The changeover percent does not apply to push data sources.

What is the changeover percent?

There are many things that can go wrong when an update happens, which can result in your search index being incomplete.

The changeover percent provides a safety net for your updates which will prevent an updated index from being made live if the updated index has shrunk beyond an acceptable size.

Why is the changeover percent necessary?

The changeover percent sets the acceptable size for an updated index.

A percentage is calculated that takes the number of documents built in the current completed update (not yet live) and divides this by the number of documents in the currently live index.

This percentage is compared with the changeover percent and if it is determined that the new index has shrunk in size beyond the acceptable limit then the update will fail .

This check is necessary because non-push indexes gather and build a completely fresh index, and swap to this on completion.

If Funnelback cannot gather data (for example the Internet link went down while the update was running) then the new index will be missing a lot of documents.

This check prevents an update like this from being treated as successful.

the changeover percent check can also fail if you have defined any vital servers that don’t appear in the new index.

What is an acceptable value for the changeover percent?

An acceptable value for the changeover percent will depend on your content and how much change you expect.

The default is 50% - so an update will fail if the new index is 50% or less of the size of the currently live index.

A small changeover percent makes sense if you throw away everything in your index every day. This might happen if you have an index that only covers today’s content (e.g. today’s news items). In this scenario, the number of documents in your index from day to day is completely random.

A large changeover percent makes sense if you rarely remove any content from your index. For example, an archive could have a 100% changeover percent because it is expected that it will only ever increase in size.

For an average website, it’s expected that you’ll have a number of additions and deletions on a daily basis, with a general trend for your index to increase in size over time. For this scenario a changeover percentage of about 75% will be appropriate, adjusted for how your business operates.

Setting the changeover percent

The changeover percent is set in the data source configuration by setting the changeover_percent configuration key.

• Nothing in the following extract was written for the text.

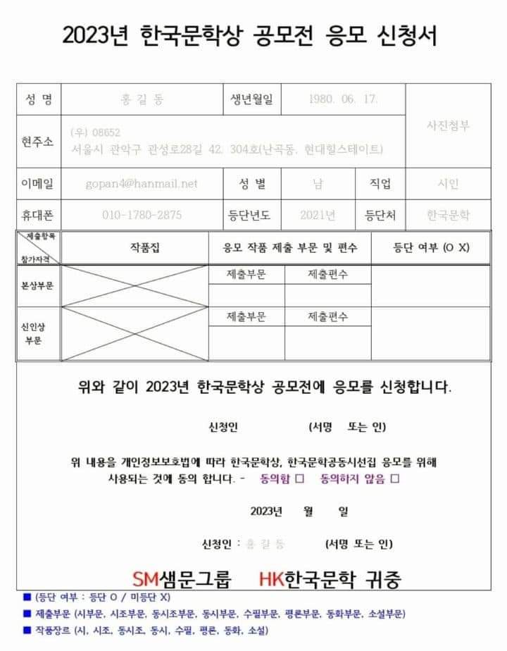 ■2023 한국문학상 공모전 시행 공고■ - 한국문학 주최, 문학그룹샘문 주관 - http://m.saemmoonnews.co.kr/1115

Overriding a changeover percent failure

Sometimes the changeover check will fail, but you still want to make the new index live.

This can happen if:

  • you have made a major revision to your website and removed or archived a lot of content (e.g. you’ve released a brand-new site).

  • you have made significant changes to your gatherer configuration that has the expected result of decreasing the number of gathered documents.

If your update has failed the changeover percent check you may be able to force the update to proceed.

  1. Check to see if your data source is updating. If an update has already started on your data source you will need to wait for the update to finish (with the same failure).

  2. If the data source is not updating you can force the views to swap. Select advanced update from the update panel for your data source, choose the swap live and offline view option and start the update.

  3. The update will run very quickly as Funnelback doesn’t need to gather or index any content, it just makes the unsuccessful index live.

If you are unhappy with the search after swapping the views and you want to roll back the change you can re-run the advanced update above to swap the live and offline views.